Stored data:
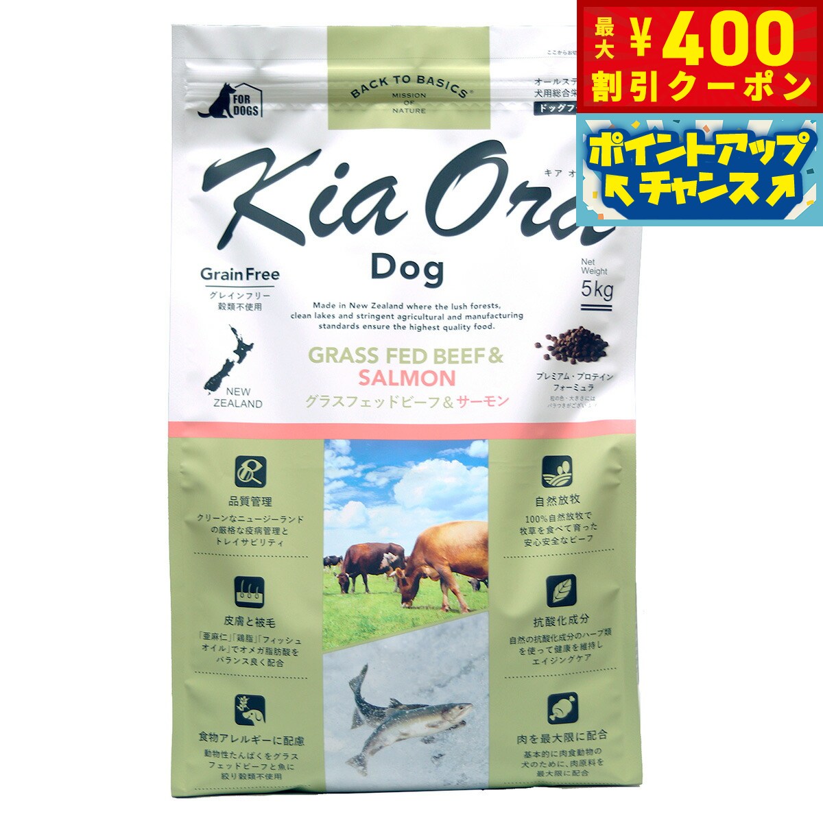 【400円OFFクーポン!&店内ポイント最大46倍!12月1日!】キアオラ ドッグフード グラスフェッドビーフ&サーモン 5kg 犬 ドライフード 総合栄養食 無添加 グレインフリー 全年齢用 オールブリード 【送料無料】
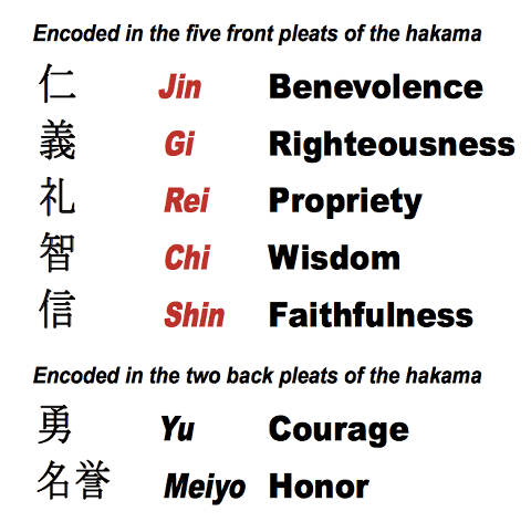 Finally, as a further example of the interconnectedness of Japanese culture, etiquette and budo, the Japanese hakama (pyjama looking baggy black pants) symbolise the Gojo (five qualities) in their pleats. Each pleat represents a different quality of the Gojo as you can see in the figure below.
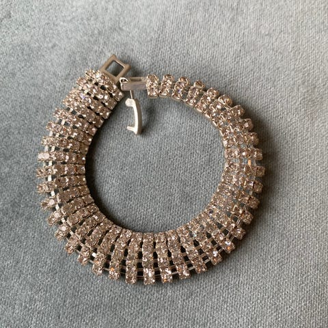 Armbånd i sølvbelagt metall med klare krystaller. Armbåndet består av en rekke firkantede krystaller som ligger tett i tett langs hele lengden. Det har en enkel lås som festes i enden av lenken. Armbåndet har en fast lengde med klassisk uttrykk.
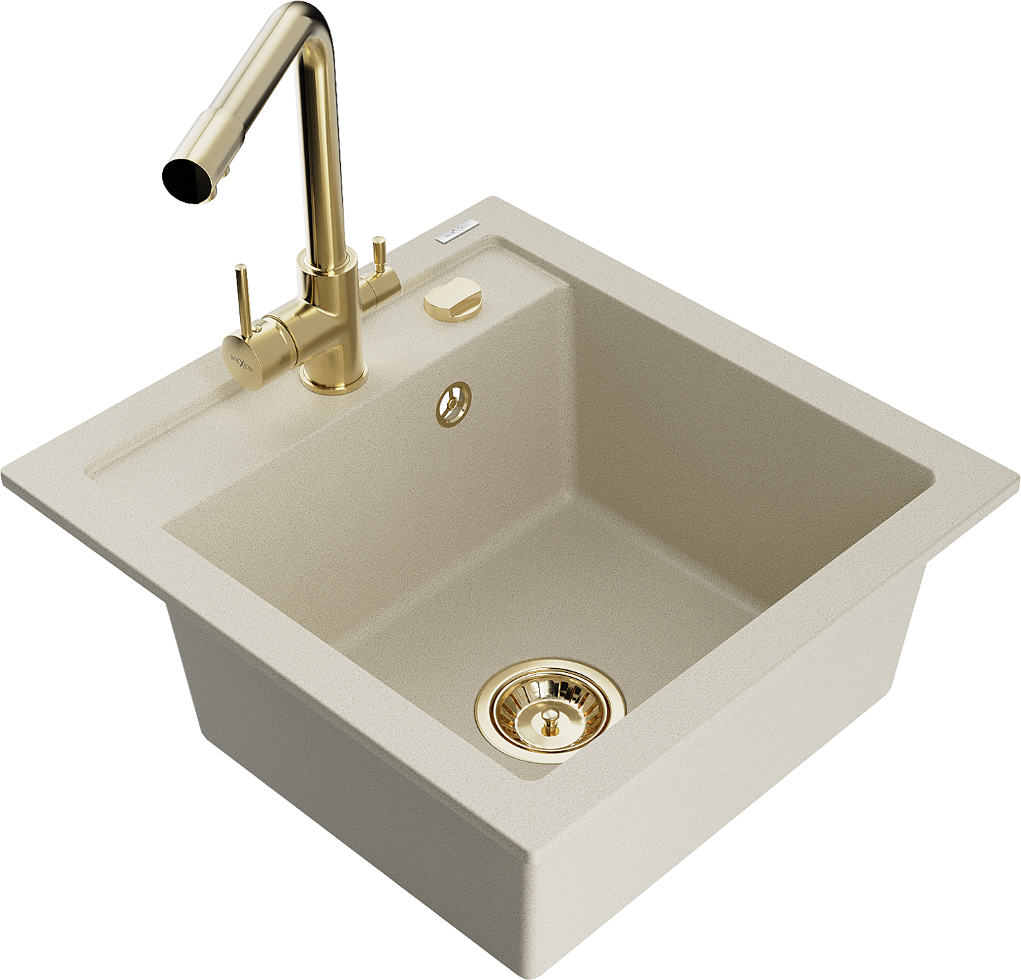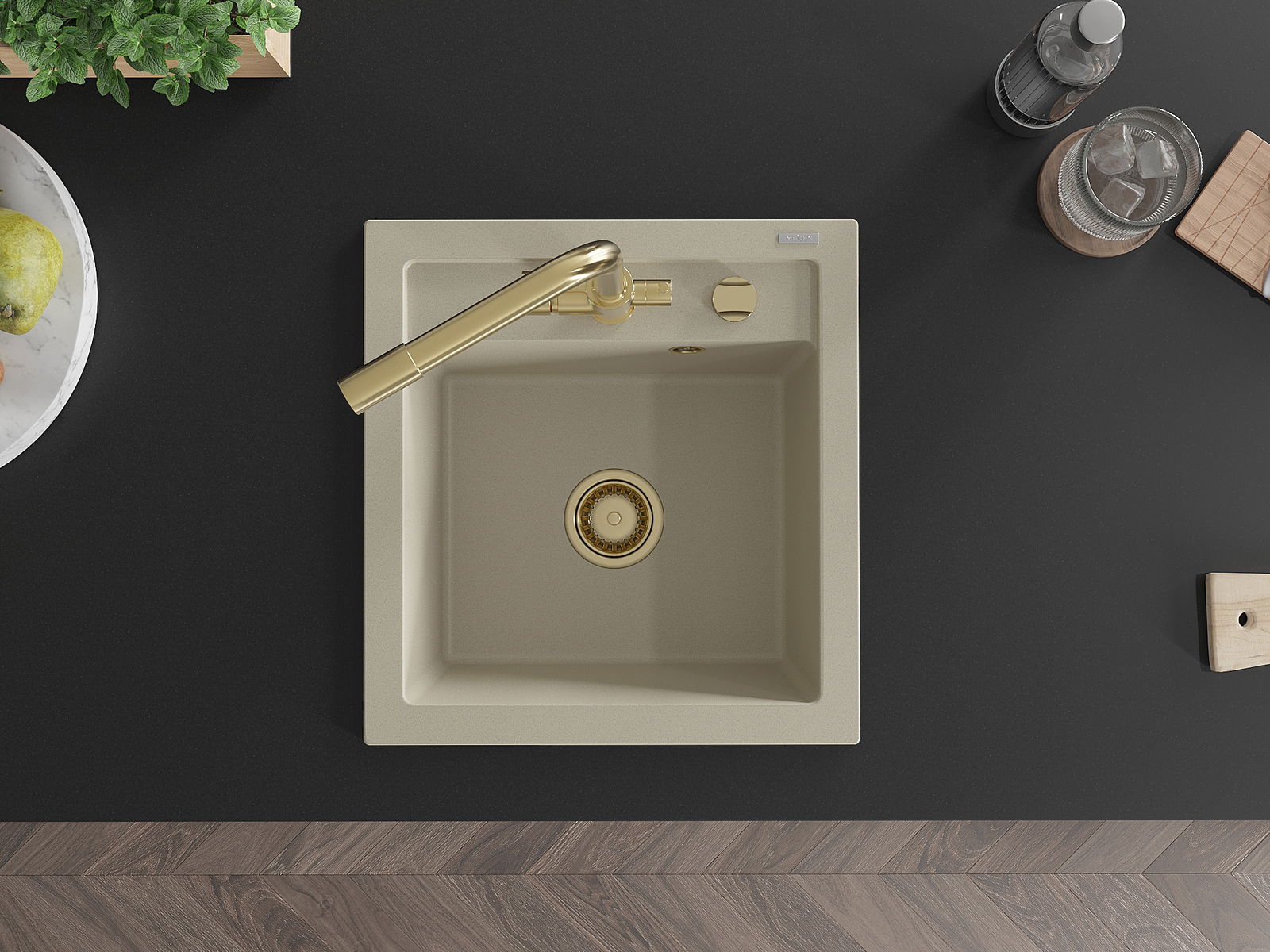 Mexen Vito granitový kuchynský drez s 1 komorou a kuchynskou batériou Duero, béžový - 6503-69-671600-50
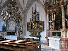 The chapel stands right behind the St. Nicholas' Church, Merano. The layout of the chapel is octagonal. It was built by the architect Hans von Burghausen in 1450, who also designed the Hospital Church.
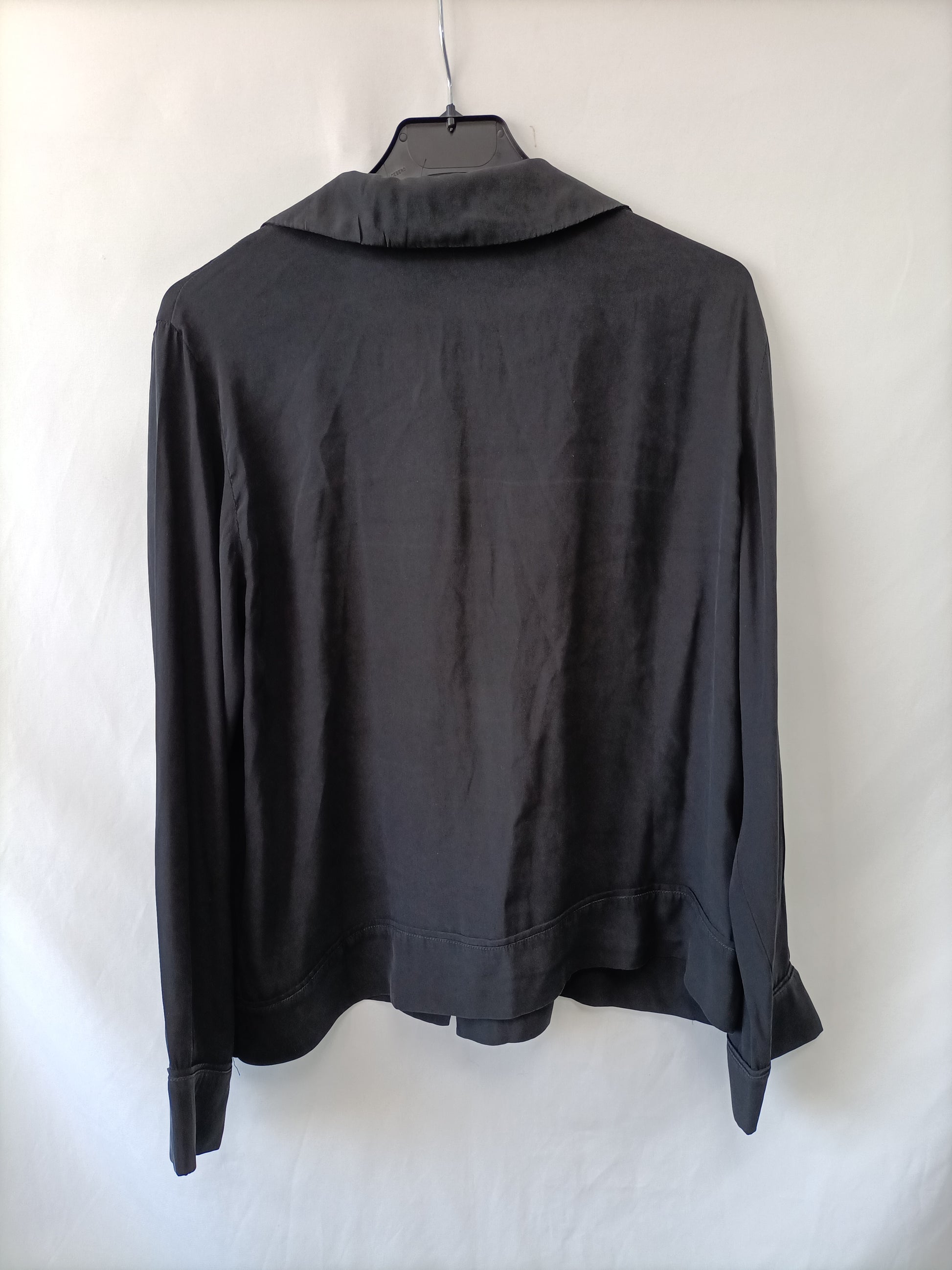 Black silk fluid blouse. Light and thin. Non-stretchy. 51 cm from armhole to armhole and 54 cm long.

Exercise description:
Copy out, without any pictures, the lines of the records above from the one containing "Mexen Vito granitový" through the final line, both ends included.

Response to the task:
 Mexen Vito granitový kuchynský drez s 1 komorou a kuchynskou batériou Duero, béžový - 6503-69-671600-50
 The chapel stands right behind the St. Nicholas' Church, Merano. The layout of the chapel is octagonal. It was built by the architect Hans von Burghausen in 1450, who also designed the Hospital Church.
 Black silk fluid blouse. Light and thin. Non-stretchy. 51 cm from armhole to armhole and 54 cm long.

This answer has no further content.